Recorded information:
****

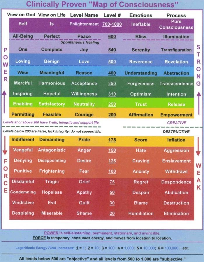 One other powerful element of Power vs. Force that Hawkins introduced, was the Map of Consciousness.
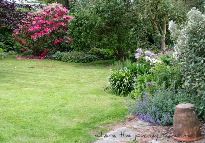 This is what we call the the back garden although it is really at the front of the cottage and leads into the woodland – we are quite secluded down here with the canopy of trees. The rhododendron has been magnificent this year and the ground beneath is littered with petals like giant confetti.
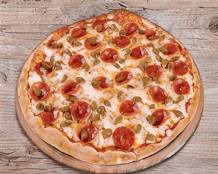 Pepperoni, salchicha italiana, aceituna negra, pimiento morrón, cebolla blanca y queso parmesano.
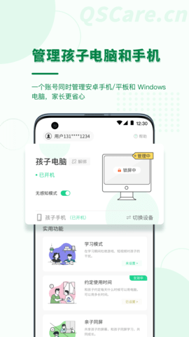 青松守護家長端是一款功能多樣的工具類應用,其主要目的是協助家長不受時間和地點限制地管理孩子使用的電腦、手機與平板設備,從而保障孩子在上網過程中能保持健康且合理的使用狀態。

****

What to produce: Write out the material above precisely, leaving each picture behind.

Output below:
 One other powerful element of Power vs. Force that Hawkins introduced, was the Map of Consciousness.
 This is what we call the the back garden although it is really at the front of the cottage and leads into the woodland – we are quite secluded down here with the canopy of trees. The rhododendron has been magnificent this year and the ground beneath is littered with petals like giant confetti.
 Pepperoni, salchicha italiana, aceituna negra, pimiento morrón, cebolla blanca y queso parmesano.
 青松守護家長端是一款功能多樣的工具類應用,其主要目的是協助家長不受時間和地點限制地管理孩子使用的電腦、手機與平板設備,從而保障孩子在上網過程中能保持健康且合理的使用狀態。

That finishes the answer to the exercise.